Infrastructure & Operational Security
Our security programme goes beyond certifications. It is built into how we operate daily.
Security for White-Label Chatbot Partners
Your platform inherits enterprise-grade certifications, without you having to achieve them independently.
When you build a branded SaaS product on top of BotPenguin's white-label chatbot platform, your platform inherits BotPenguin's underlying security infrastructure. That means your enterprise clients benefit from the same certifications (GDPR, HIPAA, CCPA, ISO 27001, and SOC 2), without you having to achieve them independently.
This dramatically simplifies your sales process.

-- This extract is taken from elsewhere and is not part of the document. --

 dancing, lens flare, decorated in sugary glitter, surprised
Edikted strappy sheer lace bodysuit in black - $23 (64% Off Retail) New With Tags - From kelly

When a prospective enterprise client sends you a vendor security questionnaire, you can reference our compliance posture and certification stack as the foundation of your platform.

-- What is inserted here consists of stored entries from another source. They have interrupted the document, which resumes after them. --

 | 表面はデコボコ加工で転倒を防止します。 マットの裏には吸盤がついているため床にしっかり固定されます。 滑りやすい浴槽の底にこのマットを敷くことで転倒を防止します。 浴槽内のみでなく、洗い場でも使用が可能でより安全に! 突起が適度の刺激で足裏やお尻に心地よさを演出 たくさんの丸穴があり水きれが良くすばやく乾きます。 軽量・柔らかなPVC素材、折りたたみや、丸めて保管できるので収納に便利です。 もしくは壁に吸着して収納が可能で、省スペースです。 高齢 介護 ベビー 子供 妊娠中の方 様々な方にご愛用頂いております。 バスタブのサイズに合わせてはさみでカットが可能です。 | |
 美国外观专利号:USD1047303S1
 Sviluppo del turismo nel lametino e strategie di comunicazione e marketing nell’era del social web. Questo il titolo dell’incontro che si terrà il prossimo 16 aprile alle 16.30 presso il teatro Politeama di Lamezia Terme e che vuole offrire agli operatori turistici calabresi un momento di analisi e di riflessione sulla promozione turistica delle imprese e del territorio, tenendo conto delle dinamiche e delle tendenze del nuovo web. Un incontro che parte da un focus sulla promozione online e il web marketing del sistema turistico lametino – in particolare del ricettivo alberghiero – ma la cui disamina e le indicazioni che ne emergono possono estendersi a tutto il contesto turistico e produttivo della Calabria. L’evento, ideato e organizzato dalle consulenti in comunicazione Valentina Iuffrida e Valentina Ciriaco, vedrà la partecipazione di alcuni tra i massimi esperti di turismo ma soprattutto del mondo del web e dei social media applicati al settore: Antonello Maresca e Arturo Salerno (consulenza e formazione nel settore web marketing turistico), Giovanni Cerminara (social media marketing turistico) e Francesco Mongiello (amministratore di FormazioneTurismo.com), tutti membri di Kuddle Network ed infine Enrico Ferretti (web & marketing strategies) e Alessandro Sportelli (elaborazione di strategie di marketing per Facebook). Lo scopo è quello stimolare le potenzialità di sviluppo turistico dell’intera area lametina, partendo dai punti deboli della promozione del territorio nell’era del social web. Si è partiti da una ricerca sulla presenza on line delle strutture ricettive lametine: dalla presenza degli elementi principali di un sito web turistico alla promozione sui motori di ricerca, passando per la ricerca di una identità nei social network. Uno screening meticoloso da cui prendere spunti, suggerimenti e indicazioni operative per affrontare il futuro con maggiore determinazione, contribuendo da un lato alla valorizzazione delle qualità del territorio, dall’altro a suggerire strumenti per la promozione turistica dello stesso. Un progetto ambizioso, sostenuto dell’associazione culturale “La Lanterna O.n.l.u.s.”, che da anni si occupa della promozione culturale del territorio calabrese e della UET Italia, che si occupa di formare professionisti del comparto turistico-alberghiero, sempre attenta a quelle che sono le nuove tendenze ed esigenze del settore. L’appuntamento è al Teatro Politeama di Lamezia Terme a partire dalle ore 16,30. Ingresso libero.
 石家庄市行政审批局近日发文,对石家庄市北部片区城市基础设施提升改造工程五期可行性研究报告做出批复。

White-label partners can access detailed compliance documentation, sub-processor lists, and audit reports via our Trust Vault, available upon NDA request.

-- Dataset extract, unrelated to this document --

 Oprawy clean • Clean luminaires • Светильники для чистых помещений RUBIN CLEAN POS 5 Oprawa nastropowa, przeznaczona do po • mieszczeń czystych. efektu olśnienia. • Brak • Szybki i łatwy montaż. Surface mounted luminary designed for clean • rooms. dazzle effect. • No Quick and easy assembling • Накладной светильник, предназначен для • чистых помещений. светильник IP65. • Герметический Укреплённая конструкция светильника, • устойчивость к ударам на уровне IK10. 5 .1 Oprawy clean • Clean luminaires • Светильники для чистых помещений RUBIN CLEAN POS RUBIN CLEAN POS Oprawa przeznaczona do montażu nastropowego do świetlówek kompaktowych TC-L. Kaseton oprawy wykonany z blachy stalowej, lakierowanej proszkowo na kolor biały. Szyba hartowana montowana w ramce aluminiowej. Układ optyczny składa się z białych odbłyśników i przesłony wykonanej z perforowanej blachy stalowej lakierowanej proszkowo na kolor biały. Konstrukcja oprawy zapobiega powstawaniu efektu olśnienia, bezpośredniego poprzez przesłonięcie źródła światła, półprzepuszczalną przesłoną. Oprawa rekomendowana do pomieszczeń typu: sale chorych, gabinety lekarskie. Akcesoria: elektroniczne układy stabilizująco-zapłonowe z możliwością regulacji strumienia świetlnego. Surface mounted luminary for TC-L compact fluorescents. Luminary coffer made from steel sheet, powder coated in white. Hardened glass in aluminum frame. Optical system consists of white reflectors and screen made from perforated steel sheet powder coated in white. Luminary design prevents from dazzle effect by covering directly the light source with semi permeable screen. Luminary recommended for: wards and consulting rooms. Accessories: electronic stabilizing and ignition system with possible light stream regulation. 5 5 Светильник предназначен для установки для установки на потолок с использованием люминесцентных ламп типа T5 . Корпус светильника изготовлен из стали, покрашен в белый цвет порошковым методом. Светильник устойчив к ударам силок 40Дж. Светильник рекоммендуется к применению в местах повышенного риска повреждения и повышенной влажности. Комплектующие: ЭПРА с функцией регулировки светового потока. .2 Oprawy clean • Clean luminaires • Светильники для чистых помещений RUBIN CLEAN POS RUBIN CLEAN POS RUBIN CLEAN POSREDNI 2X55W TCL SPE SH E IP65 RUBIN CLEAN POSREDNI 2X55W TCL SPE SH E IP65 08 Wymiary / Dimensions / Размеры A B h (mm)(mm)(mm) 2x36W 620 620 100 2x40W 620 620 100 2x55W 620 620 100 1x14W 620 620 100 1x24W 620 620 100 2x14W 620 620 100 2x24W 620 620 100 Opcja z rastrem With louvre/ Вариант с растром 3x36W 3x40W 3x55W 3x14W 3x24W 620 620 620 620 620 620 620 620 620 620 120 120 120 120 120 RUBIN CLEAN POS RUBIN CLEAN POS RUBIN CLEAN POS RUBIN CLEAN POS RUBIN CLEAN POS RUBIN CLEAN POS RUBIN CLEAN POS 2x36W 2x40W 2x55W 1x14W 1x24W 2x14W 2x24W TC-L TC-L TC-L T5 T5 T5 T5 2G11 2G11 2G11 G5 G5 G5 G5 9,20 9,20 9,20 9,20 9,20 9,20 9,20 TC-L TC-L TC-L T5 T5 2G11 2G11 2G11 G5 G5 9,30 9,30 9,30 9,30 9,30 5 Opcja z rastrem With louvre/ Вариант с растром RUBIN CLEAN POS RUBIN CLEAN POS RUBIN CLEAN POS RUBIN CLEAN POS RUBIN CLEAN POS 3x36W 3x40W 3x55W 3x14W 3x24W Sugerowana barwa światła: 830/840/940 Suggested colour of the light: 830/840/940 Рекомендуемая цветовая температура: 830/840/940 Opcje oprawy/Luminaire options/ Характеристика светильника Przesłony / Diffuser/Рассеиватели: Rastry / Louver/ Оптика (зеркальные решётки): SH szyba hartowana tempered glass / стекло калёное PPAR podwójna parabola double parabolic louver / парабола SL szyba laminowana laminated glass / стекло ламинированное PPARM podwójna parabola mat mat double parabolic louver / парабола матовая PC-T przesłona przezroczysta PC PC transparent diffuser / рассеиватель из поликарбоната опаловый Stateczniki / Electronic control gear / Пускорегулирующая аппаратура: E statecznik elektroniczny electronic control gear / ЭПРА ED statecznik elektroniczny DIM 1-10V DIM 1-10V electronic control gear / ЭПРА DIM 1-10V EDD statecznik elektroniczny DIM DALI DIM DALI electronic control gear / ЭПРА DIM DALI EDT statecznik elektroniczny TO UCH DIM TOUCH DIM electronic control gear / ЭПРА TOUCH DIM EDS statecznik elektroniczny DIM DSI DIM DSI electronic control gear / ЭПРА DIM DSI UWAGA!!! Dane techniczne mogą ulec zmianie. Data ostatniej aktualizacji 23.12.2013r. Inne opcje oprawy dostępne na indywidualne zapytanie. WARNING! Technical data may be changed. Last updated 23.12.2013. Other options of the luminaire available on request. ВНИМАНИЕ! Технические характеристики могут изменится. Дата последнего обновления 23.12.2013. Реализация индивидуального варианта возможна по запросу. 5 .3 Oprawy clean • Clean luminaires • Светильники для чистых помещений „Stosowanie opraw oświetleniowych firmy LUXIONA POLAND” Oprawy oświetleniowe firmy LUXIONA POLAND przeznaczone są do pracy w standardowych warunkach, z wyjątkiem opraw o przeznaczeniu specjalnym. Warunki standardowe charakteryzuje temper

Close enterprise deals faster. Your platform inherits BotPenguin's full compliance stack, so you walk into every vendor review already certified.
Access Compliance Documentation
Need the full picture? Our Trust Vault gives procurement teams, IT evaluators, and compliance officers direct access to BotPenguin's audit reports, certifications, and subprocessor list, with NDA-backed gated access for detailed documentation.
Security FAQs
Common questions from procurement teams, IT evaluators, and enterprise buyers.
Is BotPenguin GDPR compliant?
Yes. BotPenguin is GDPR compliant and acts as a data processor under the regulation. We provide a Data Processing Agreement (DPA) and support all data subject rights including access, rectification, and erasure. Our processing activities are documented in our subprocessor list, available via Trust Vault.
Is BotPenguin HIPAA compliant?
Yes. BotPenguin meets HIPAA requirements for the handling of Protected Health Information (PHI). Healthcare organizations can request a Business Associate Agreement (BAA) by contacting our team.
Where can I access BotPenguin's SOC 2 report or audit documents?
All compliance documents, including certification attestations, audit reports, and the subprocessor list, are available via our Security page. Some documents require signing an NDA before download.
Is BotPenguin safe for enterprise use?
Yes. BotPenguin is certified for GDPR, HIPAA, CCPA, ISO 27001, and SOC 2. Enterprise accounts have access to RBAC, SSO, audit logs, configurable data retention, and dedicated support. Contact us to start an enterprise security review.
Does BotPenguin use my data to train AI models?
No. BotPenguin does not use customer conversation data to train shared AI models. Your data remains private to your account and is never used to improve models deployed for other customers.
Can white-label partners use BotPenguin's compliance certifications?
Yes. White-label partners building a SaaS product on BotPenguin's infrastructure inherit our underlying security posture. Partners can reference our certifications in their own security questionnaires and sales processes, and access detailed documentation via Trust Vault.